● **Exercise requirements**: Pictures stay out of the copy. Repeat exactly the lines from the first entry below through the line that contains "- Комбинированное решение", and nothing beyond.

Source data
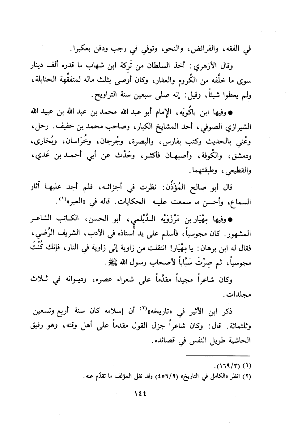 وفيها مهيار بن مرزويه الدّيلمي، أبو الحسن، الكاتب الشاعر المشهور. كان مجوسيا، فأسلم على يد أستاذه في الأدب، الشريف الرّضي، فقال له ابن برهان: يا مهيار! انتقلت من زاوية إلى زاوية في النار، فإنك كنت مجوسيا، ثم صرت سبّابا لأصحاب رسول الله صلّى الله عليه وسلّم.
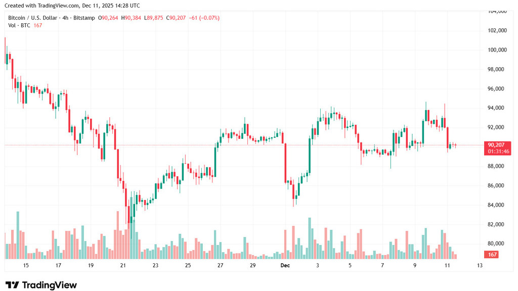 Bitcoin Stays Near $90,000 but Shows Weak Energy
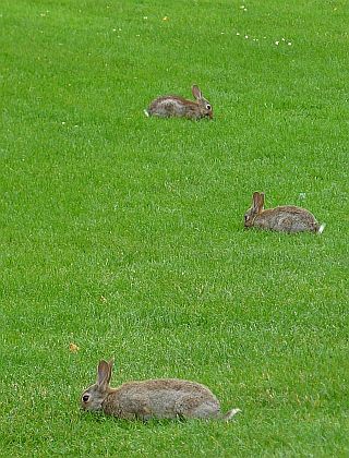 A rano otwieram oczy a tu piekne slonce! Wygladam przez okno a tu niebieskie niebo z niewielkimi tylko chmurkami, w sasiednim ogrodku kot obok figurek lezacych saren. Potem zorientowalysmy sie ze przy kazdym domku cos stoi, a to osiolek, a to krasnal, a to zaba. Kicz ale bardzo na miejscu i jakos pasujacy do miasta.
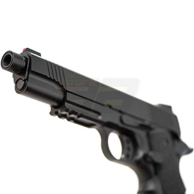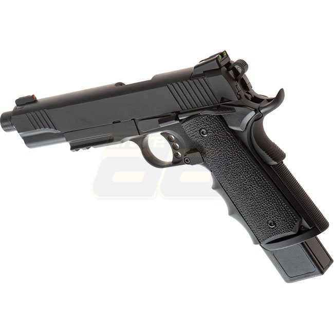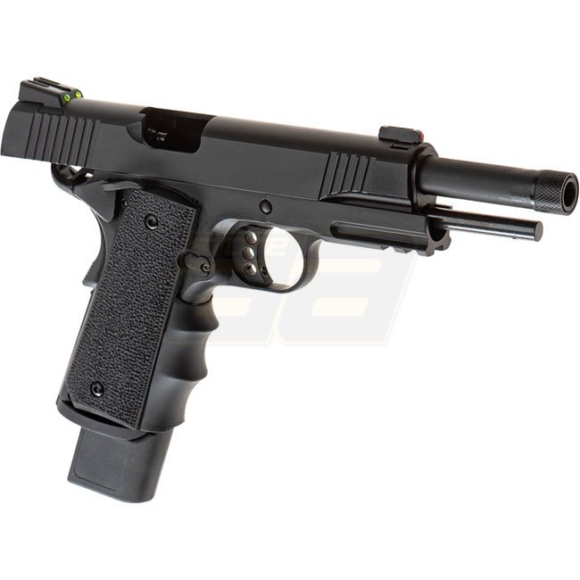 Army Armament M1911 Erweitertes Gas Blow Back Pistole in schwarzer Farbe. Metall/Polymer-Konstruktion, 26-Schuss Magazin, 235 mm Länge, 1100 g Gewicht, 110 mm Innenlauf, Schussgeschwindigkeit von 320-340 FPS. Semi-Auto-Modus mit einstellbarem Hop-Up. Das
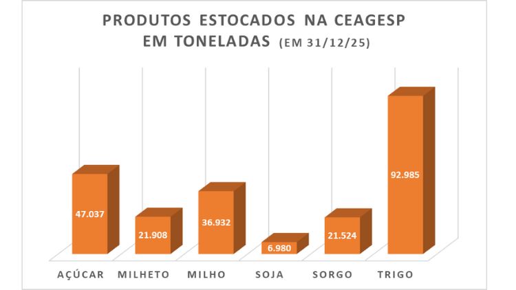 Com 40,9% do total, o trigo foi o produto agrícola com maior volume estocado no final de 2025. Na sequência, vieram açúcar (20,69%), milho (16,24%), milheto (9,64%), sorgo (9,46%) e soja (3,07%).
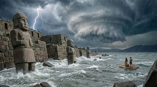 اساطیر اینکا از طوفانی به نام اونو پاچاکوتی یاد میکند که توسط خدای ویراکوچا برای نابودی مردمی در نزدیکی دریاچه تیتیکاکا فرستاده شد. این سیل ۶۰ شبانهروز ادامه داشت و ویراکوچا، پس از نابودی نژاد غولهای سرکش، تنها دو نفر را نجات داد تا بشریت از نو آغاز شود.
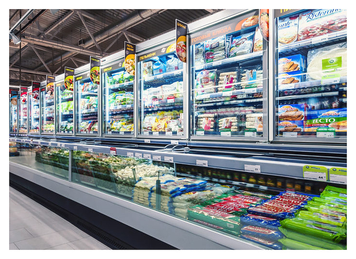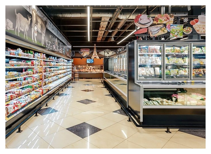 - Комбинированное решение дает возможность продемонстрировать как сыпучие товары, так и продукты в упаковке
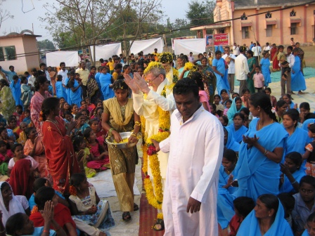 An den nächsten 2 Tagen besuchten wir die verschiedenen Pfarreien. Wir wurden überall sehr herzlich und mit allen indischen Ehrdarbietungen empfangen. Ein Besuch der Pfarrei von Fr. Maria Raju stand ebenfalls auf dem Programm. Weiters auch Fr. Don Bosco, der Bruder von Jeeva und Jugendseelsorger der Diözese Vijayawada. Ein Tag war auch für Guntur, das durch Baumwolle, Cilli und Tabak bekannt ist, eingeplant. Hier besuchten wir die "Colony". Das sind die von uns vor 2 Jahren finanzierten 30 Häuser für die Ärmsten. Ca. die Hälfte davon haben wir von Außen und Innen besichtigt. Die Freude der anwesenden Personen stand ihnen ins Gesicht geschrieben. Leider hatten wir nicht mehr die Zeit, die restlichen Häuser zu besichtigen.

● **Output**:
 وفيها مهيار بن مرزويه الدّيلمي، أبو الحسن، الكاتب الشاعر المشهور. كان مجوسيا، فأسلم على يد أستاذه في الأدب، الشريف الرّضي، فقال له ابن برهان: يا مهيار! انتقلت من زاوية إلى زاوية في النار، فإنك كنت مجوسيا، ثم صرت سبّابا لأصحاب رسول الله صلّى الله عليه وسلّم.
 Bitcoin Stays Near $90,000 but Shows Weak Energy
 A rano otwieram oczy a tu piekne slonce! Wygladam przez okno a tu niebieskie niebo z niewielkimi tylko chmurkami, w sasiednim ogrodku kot obok figurek lezacych saren. Potem zorientowalysmy sie ze przy kazdym domku cos stoi, a to osiolek, a to krasnal, a to zaba. Kicz ale bardzo na miejscu i jakos pasujacy do miasta.
 Army Armament M1911 Erweitertes Gas Blow Back Pistole in schwarzer Farbe. Metall/Polymer-Konstruktion, 26-Schuss Magazin, 235 mm Länge, 1100 g Gewicht, 110 mm Innenlauf, Schussgeschwindigkeit von 320-340 FPS. Semi-Auto-Modus mit einstellbarem Hop-Up. Das
 Com 40,9% do total, o trigo foi o produto agrícola com maior volume estocado no final de 2025. Na sequência, vieram açúcar (20,69%), milho (16,24%), milheto (9,64%), sorgo (9,46%) e soja (3,07%).
 اساطیر اینکا از طوفانی به نام اونو پاچاکوتی یاد میکند که توسط خدای ویراکوچا برای نابودی مردمی در نزدیکی دریاچه تیتیکاکا فرستاده شد. این سیل ۶۰ شبانهروز ادامه داشت و ویراکوچا، پس از نابودی نژاد غولهای سرکش، تنها دو نفر را نجات داد تا بشریت از نو آغاز شود.
 - Комбинированное решение дает возможность продемонстрировать как сыпучие товары, так и продукты в упаковке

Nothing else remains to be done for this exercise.